Freni S C, Phillips D L
Center for Environmental Health, Centers for Disease Control, Atlanta, GA 30333.
Environ Health Perspect. 1987 Oct;74:211-21. doi: 10.1289/ehp.8774211.
For a proper analysis of the potentially causal relationship between exposure to volatile organic chemicals (VOCs) in drinking water and health events, it is essential to know T1, the time when exposure started, and C = f(T), which is the change of the VOC concentration C as a function of time T and the total accumulated exposure (TAE) to VOCs to which an individual was exposed. In the typical situation of incidentally detected pollution of groundwater, no such information is available. This paper describes the development of a method for estimating T1, C = f(T), and TAE as part of an epidemiologic study of the health effects of VOC contamination of an aquifer serving public and private wells. Pooled test results of city wells, tested periodically since 1981, provided the data base for developing a statistical model for estimating C = f(T). This model was then applied to private wells, for which the data of only one water sample were available, to retrospectively estimate their T1. The best-fitting model was a multiple linear regression equation consisting of the natural logarithm of the VOC concentration as the response variable, with the time of sampling, the distance of the wells from the source (expressed as coordinates), the well depth, and the well capacity as determinants. The TAE was calculated by integrating the area under the time-concentration curve.

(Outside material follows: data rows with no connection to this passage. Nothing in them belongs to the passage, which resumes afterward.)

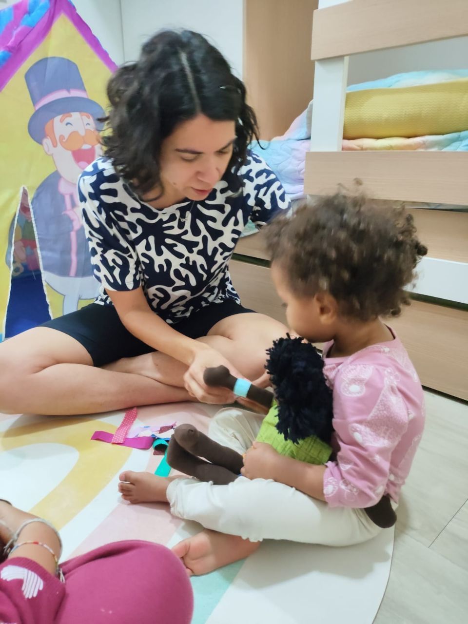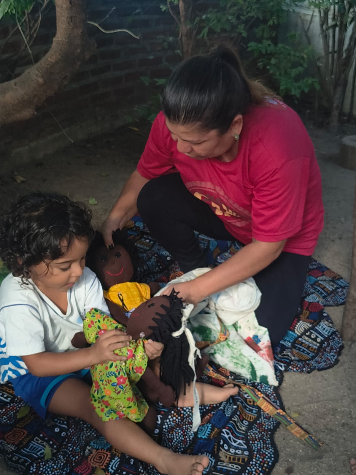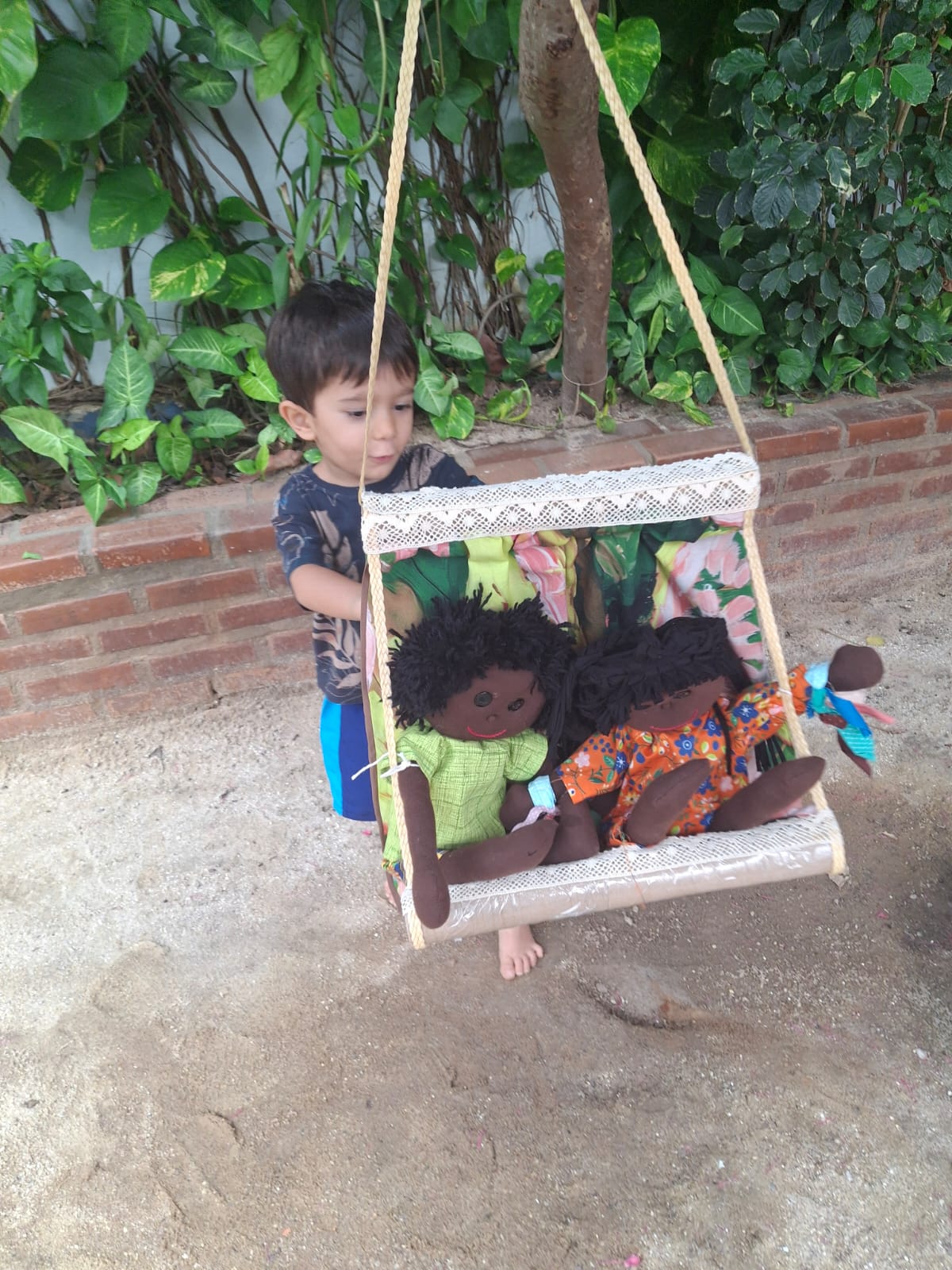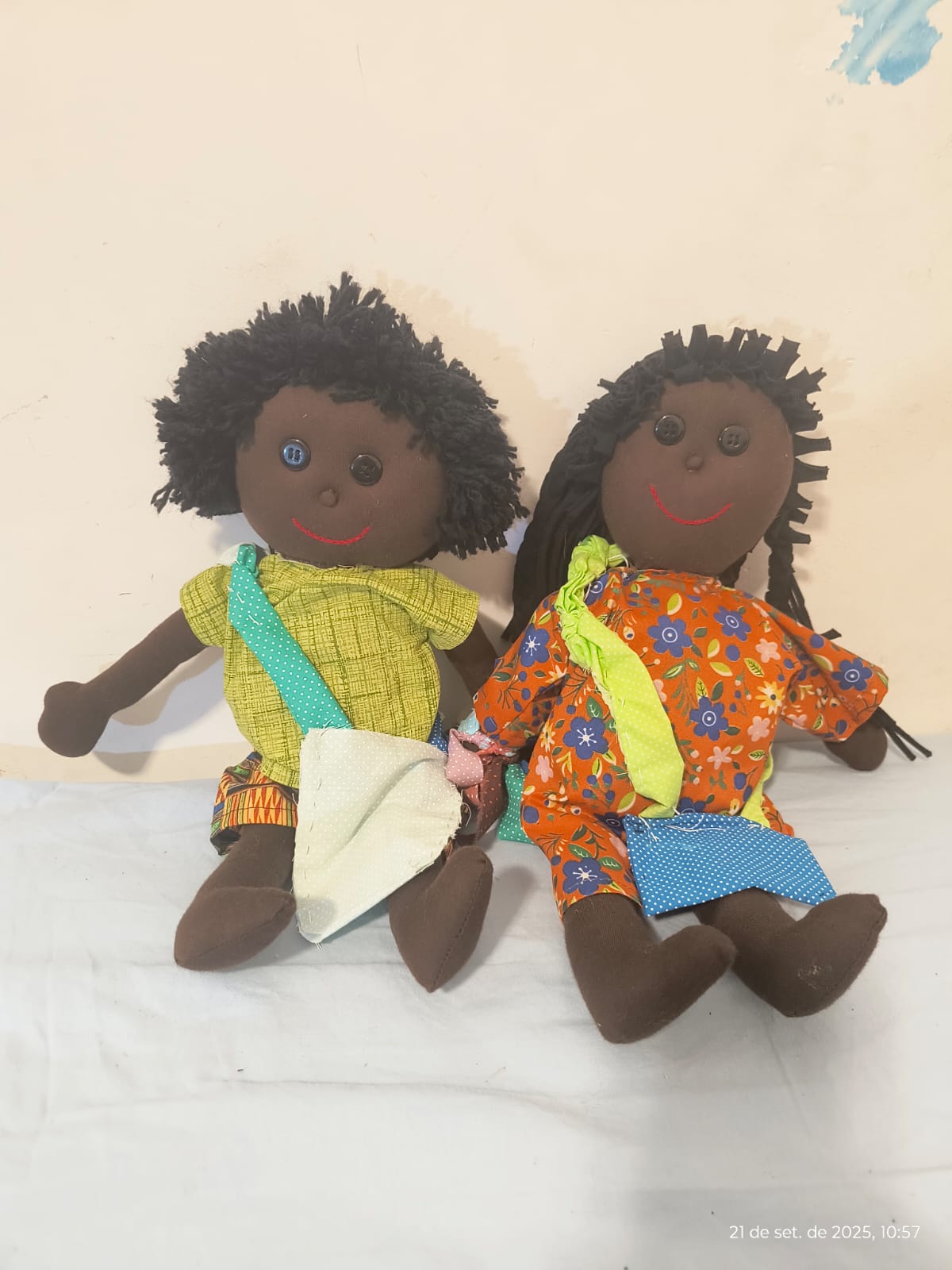 A brincadeira com bonecos e bonecas pretas, envolvidos/as por lenços, tecidos, cestos e o próprio colo, desenvolve na criança a afetividade e desperta o aprender pelo encantamento. Desde bem pequenas, elas começam a perceber a si mesmas e ao outro e, nesse processo, com suas singularidades, aprendem a viver em meio à diversidade.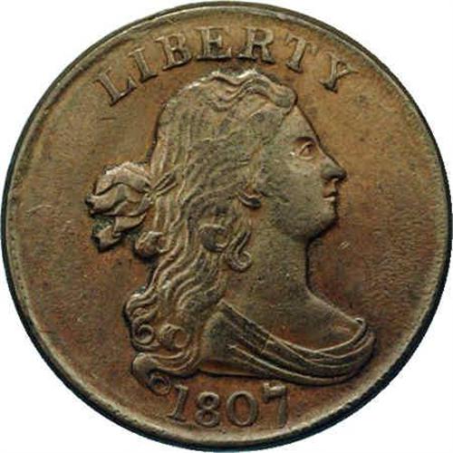 <B>1807<1/2 C> C-1, B-1, R.1. Die State 3--Improperly Cleaned, NCS--AU Details. AU50 EAC.</B></I> Tall, double punched 7; Five berries left, with stems. The date has the digit 7 double-punched, as always for this single variety of the year, although evidence of the repunching is quite weak in this late die state. Due to the relative size of the individual digits of the date, Walter Breen suggested that the digit 7 was from the same punch as the 1807/6 Large 7 Cent, Sheldon-273. This is almost certainly not the case, however, for the digit on the latter coin would have overlapped both the border and the drapery on this smaller diameter planchet. Lovely chestnut-brown surfaces with considerable olive color on the obverse. Light verdigris adheres to the surfaces around the devices, and appears to be completely removable with careful conservation.<BR><I>Ex: Jim McGuigan; J.J. Teaparty (12/24/1985).</B></I> Envelope Included.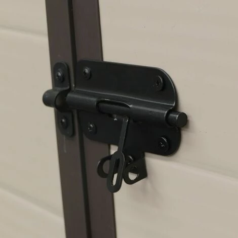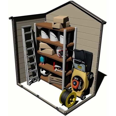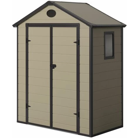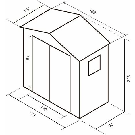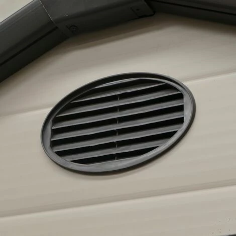 Abri de jardin en résine Rosetta à un toit à deux pans. Il a des grilles d’aération afin d’ éviter la condensation et apporter de la ventilation à l’intérieur. Il a une fenêtre latérale qui apporte de la lumière à l’intérieur de l’ abri et une double porte battante, il est donc très pratique d’accéder à l’intérieur.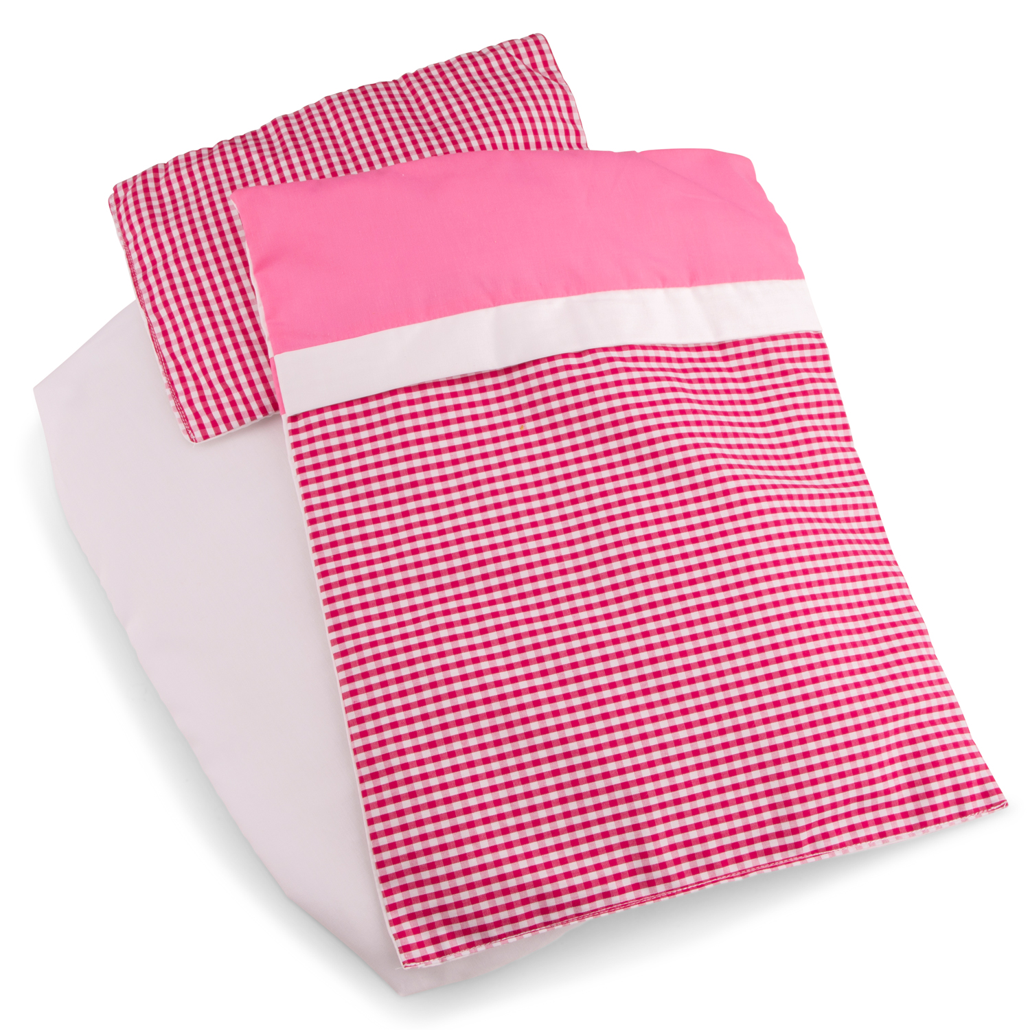 This doll bedding set from New Classic Toys is a 3-piece set and contains a duvet and pillow with mattress. Suitable for both doll's pram and doll's beds.

为了正确分析饮用水中挥发性有机化合物(VOCs)暴露与健康事件之间潜在的因果关系,了解暴露开始的时间T1以及C = f(T)(即VOC浓度C随时间T的变化以及个体所暴露的VOCs的总累积暴露量(TAE))至关重要。在偶然检测到地下水污染的典型情况下,此类信息无法获取。本文描述了一种估计T1、C = f(T)和TAE的方法的开发过程,该方法是对为公共和私人水井供水的含水层中VOC污染对健康影响的流行病学研究的一部分。自1981年以来定期检测的城市水井的汇总测试结果为开发估计C = f(T)的统计模型提供了数据库。然后将该模型应用于仅有一个水样数据的私人水井,以回顾性估计它们的T1。最佳拟合模型是一个多元线性回归方程,以VOC浓度的自然对数作为响应变量,采样时间、水井到污染源的距离(以坐标表示)、水井深度和水井容量作为决定因素。TAE通过对时间 - 浓度曲线下的面积进行积分来计算。